Am 20.06.2019 um 17:33 schrieb George Hart via INDOLOGY:
> In light of the fact that Dravidian languages have both short and long 
> e and o, it would be helpful to many scholars who use texts in Tamil, 
> Malayalam, Telugu and Kannada if Sanskrit e and o were marked with a 
> macron (ē, ō) in standard transliteration. The lack of such indication 
> causes all sorts of problems when quoting from those languages, 
> especially since they all often use Sanskrit words intermixed with 
> native ones. George Hart
>> On Jun 20, 2019, at 9:24 AM, Arlo Griffiths via INDOLOGY 
>> <indology at list.indology.info <mailto:indology at list.indology.info>> wrote:
>> Dear colleagues,
>> It is possible to obtain some responses to the questions that Dániel 
>> asked on our joint behalf? It would be greatly appreciated.
>> Many thanks, and best wishes,
>> Arlo Griffiths
>> ------------------------------------------------------------------------
>> *From:*INDOLOGY <indology-bounces at list.indology.info 
>> <mailto:indology-bounces at list.indology.info>> on behalf of Dániel 
>> Balogh via INDOLOGY <indology at list.indology.info 
>> <mailto:indology at list.indology.info>>
>> *Sent:*Monday, June 10, 2019 10:52 AM
>> *To:*indology
>> *Subject:*[INDOLOGY] ISO15919 and case insensitivity
>> Dear All,
>> I believe some members of the esteemed community reading this were 
>> involved in drawing up the ISO15919 transliteration standard. I would 
>> be very happy to correspond with someone, here or off-list, about 
>> some generic issues and at the moment one particular question.
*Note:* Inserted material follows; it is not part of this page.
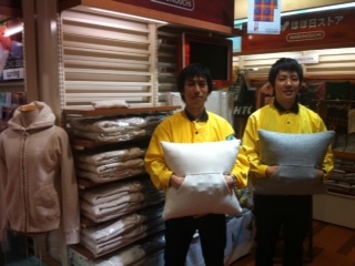 サンプルのハグクッションをかかえてあー、気持ちいい…とちいさな声でつぶやく、イトウさん、イワイガワさん。

>> The generic issues would pertain to using a modified ISO standard in 
>> web and hardcopy publications, including some modifications that 
>> prevent us from making a "claim of conformance" as per section 2 of 
>> the standard. Beyond the practical issue of having to explain to our 
>> readers where we deviate from the standard, I see no problem 
>> associated with this, but I may be missing something. At any rate, a 
>> proliferation of idiosyncratic transliteration systems is not 
>> desirable, which leads to the second set of generic issues: by whom 
>> and how is the ISO standard maintained at present, and is there any 
>> chance of proposing slight modifications/addenda/special cases to it?
>> The particular question right now is this. The standard explicitly 
>> says that all transliterations must be case insensitive (Section 8.1 
>> Rule 1). Some of us, however, are thinking of using uppercase Roman 
>> characters to transliterate 1. final consonants represented in 
>> historic scripts by special "halanta" character forms (instead of the 
>> addition of a virāma sign), and 2. initial/full vowels.
>> The latter could be made clear using the disambiguation sign already 
>> codified in the standard (e.g. transliterating प्रउग as pra:uga), but 
>> we feel that using Roman uppercase for both these phenomena is 
>> intuitively similar to the practice of the original script. [Not 
>> directly relevant to the question at hand is that we would also 
>> introduce an additional symbol for transliterating the explicit 
>> virāma sign to handle final or conjunct consonants created with such 
>> a sign.]
>> We would use this notation for epigraphic material, but as far as I 
>> can see it would be equally advantageous in codicology where a 
>> diplomatic transliteration is desirable. Unambiguously (and in some 
>> cases redundantly) differentiating final vowel forms is useful not 
>> only in cases where these are used as a means of text segmentation 
>> (e.g. the final consonant of a verse quarter is inscribed using a 
>> special form, followed by the initial consonant of the next quarter, 
>> without an intervening punctuation sign but with the clear intent of 
>> representing the yati in writing), but also where partially legible 
>> text precedes or follows a lacuna (e.g. occasionally a legible vowel 
>> mātrā is attached to a lost/illegible consonant, and it is desirable 
>> to make it clear in the transliteration that the vowel read is not a 
>> full vowel akṣara).
>> Many thanks in advance for any enlightening comments, and my 
>> apologies for going into possibly unnecessary detail on the why and how.